## What is being asked
Give the data below again exactly as written, but without the pictures.

## Provided material

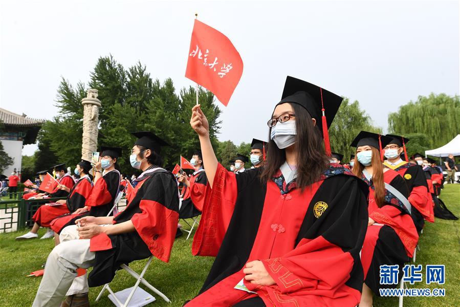 7月2日,北京大學(xué)2020屆畢業(yè)生在畢業(yè)典禮上。當(dāng)日,北京大學(xué)舉行2020年畢業(yè)典禮。由于疫情防控需要,今年的典禮在北京大學(xué)辦公樓西側(cè)廣場、靜園草坪、未名湖等九個會場舉行,并面向全球進行中英文雙語直播,僅部分在校畢業(yè)生現(xiàn)場參加,更多畢業(yè)生通過線上直播參與畢業(yè)典禮。新華社記者任超攝
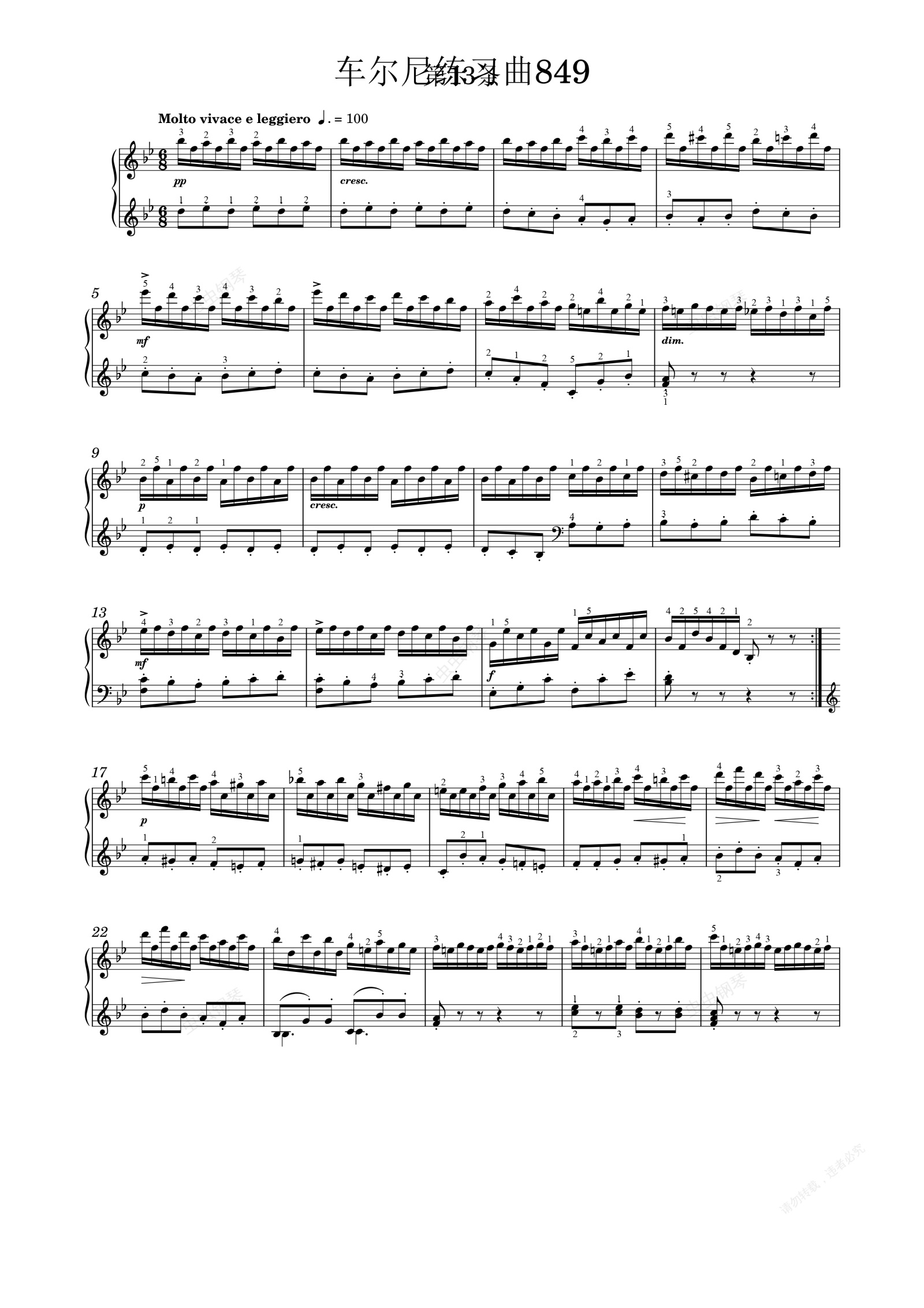 钢琴谱:车尔尼849第 (13)
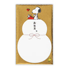 スヌーピーと一緒にお年玉をプレゼント! 金箔加工により新年の明るくおめでたい雰囲気を演出しました。
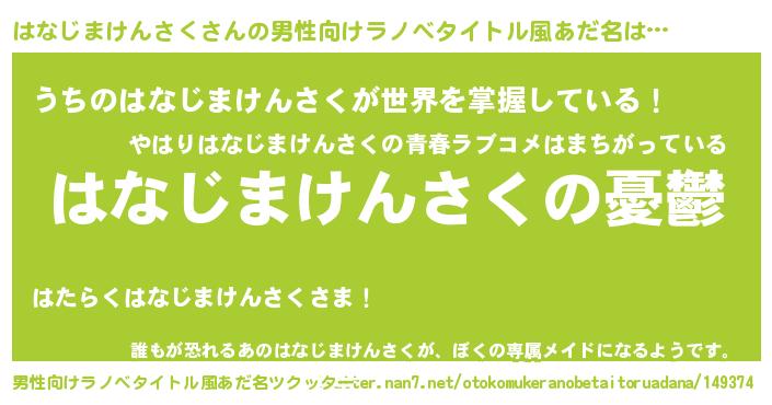 | 女子向けラノベタイトル風あだ名 | 『(仮)はなじまけんさくのやんごとなき事情』 |

## Your solution
 7月2日,北京大學(xué)2020屆畢業(yè)生在畢業(yè)典禮上。當(dāng)日,北京大學(xué)舉行2020年畢業(yè)典禮。由于疫情防控需要,今年的典禮在北京大學(xué)辦公樓西側(cè)廣場、靜園草坪、未名湖等九個會場舉行,并面向全球進行中英文雙語直播,僅部分在校畢業(yè)生現(xiàn)場參加,更多畢業(yè)生通過線上直播參與畢業(yè)典禮。新華社記者任超攝
 钢琴谱:车尔尼849第 (13)
 スヌーピーと一緒にお年玉をプレゼント! 金箔加工により新年の明るくおめでたい雰囲気を演出しました。
 | 女子向けラノベタイトル風あだ名 | 『(仮)はなじまけんさくのやんごとなき事情』 |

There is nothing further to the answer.